S-Bahn-Unglück

Mein Junge starb in diesem Tunnel. Warum ist er noch immer nicht gesperrt?

Berlins traurigster Vater macht Bahn und Behörden schwere Vorwürfe.

ERIC RICHARD und ALEXANDER SCHMALZ
Lesezeit 3 Min
Ein verzweifelter Vater blickt auf die Todesstelle seines Sohnes. In diesem Tunnel wurde Nicolas B. (13) beim Spielen von einer S-Bahn erfass

Ein verzweifelter Vater blickt auf die Todesstelle seines Sohnes. In diesem Tunnel wurde Nicolas B. (13) beim Spielen von einer S-Bahn erfass

© Eric Richard Lizenz

Der 69-jährige Kreuzberger kann die Tränen nicht zurückhalten, als er auf eines der letzten Fotos seines Sohnes blickt. Nicolas B. sitzt mit seinem Handy nicht mal zehn Meter neben den Bahngleisen. Mit dem Telefon machte er immer Fotos und Videos von Zügen. Drei Wochen später wird der junge Eisenbahn-Fan nur wenige Hundert Meter weiter im S-Bahntunnel zwischen der Yorckstraße und dem Anhalter Bahnhof von einer S-Bahn erfasst.

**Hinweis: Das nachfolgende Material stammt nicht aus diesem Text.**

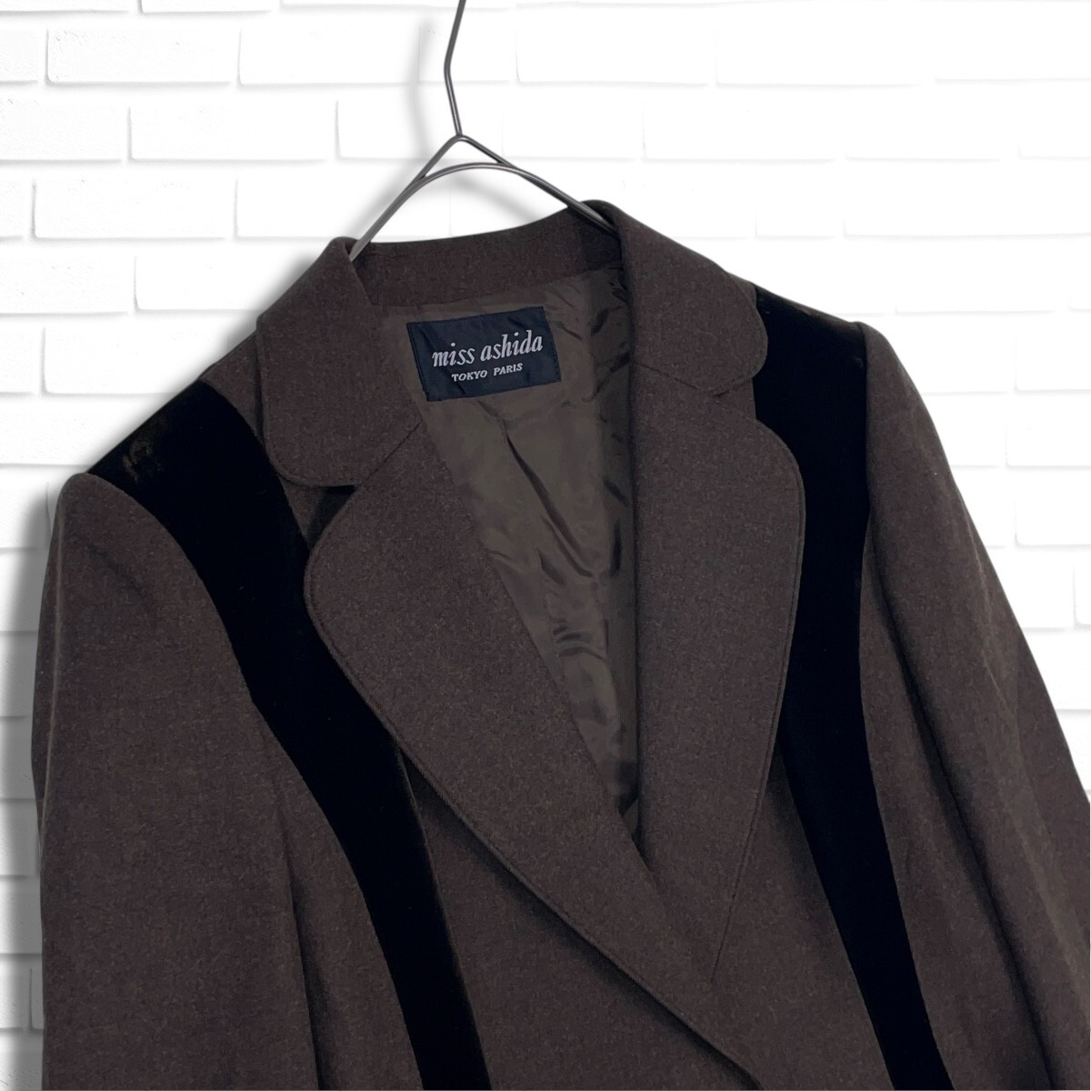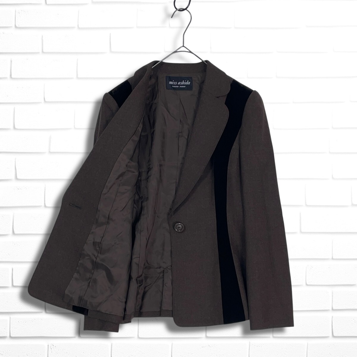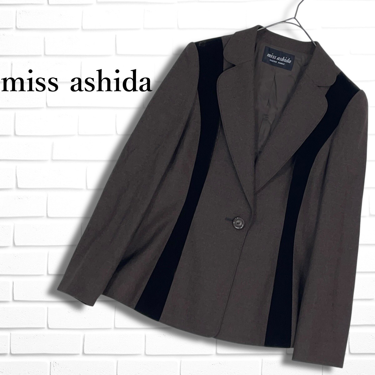 ◆美品◆ miss ashida ミスアシダ ジュンアシダ ウール ストレッチ テーラード ジャケット 茶 ブラウン レディース 7 S ◆日本製◆ 3845C◇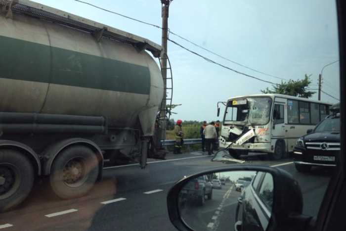 На Московском шоссе маршрутка врезалась в бензовоз. Пострадали три человека

„Ich weiß, dass Nicolas Mitschuld hat, aber er war doch noch ein Kind“, sagt Robert B. zum KURIER. Rückblick: Am 31. März 2014 um 14.30 Uhr kommt der 13-Jährige mit einem Klassenkameraden von der Schule, schmeißt seine Tasche in die Ecke und verschwindet wieder. „Wohin die beiden wollten, haben sie mir nicht verraten“, sagt der Rentner. Als Nicolas um 18 Uhr nicht zum Abendbrot kam, telefonierte ihm sein Vater hinterher. „Doch da ging keiner ran. Zwei Stunden später stand die Polizei vor der Tür.“ Die Schüler hatten sich durch eine Lücke in einem Bauzaun auf das Bahngelände geschlichen. Sein Freund verabschiedete sich gegen 16 Uhr, 20 Minuten später passierte das Unglück.

„Der Sog hat Nicolas in die fahrende S-Bahn gezogen. Ich habe ihm hundertmal erklärt, dass er nicht zu dicht an die Gleise darf“, erklärt der 69-Jährige. „Er liebte die Eisenbahn. Hätte ich gewusst, was die beiden vorhaben, hätte ich sie nie rausgelassen“, erklärt sein verzweifelter Vater und blickt starr auf die Modelleisenbahn, die noch immer unangerührt im Kinderzimmer des Jungen steht.

Das letzte Video auf Nicolas’ Handy wurde zehn Minuten vor dem Unglück aufgenommen. Es zeigt, wie die Jungen Münzen auf die Schienen legten – ein tödlicher Kinderstreich. Robert B. macht sich Vorwürfe. „Ich habe die letzten 13 Jahre alles für meinen Sohn aufgegeben“, so der einstige Weinhändler. Seine Mutter war alkoholkrank, verlor 2013 beide Beine, als eine Tram sie an den Schienen erfasste. Der Rentner ist aber auch wütend: „Der Bauzaun ist noch immer offen, jeder kann da einfach durchgehen. Spielplätze und Wohnblöcke sind in der Nähe und andauernd passieren Unfälle an Gleisanlagen.“ Seine Strafanzeige gegen unbekannt wurde auch noch nicht bearbeitet. Jetzt hat er verzweifelt an seinen Bezirk geschrieben – wartet auf baldige Antwort.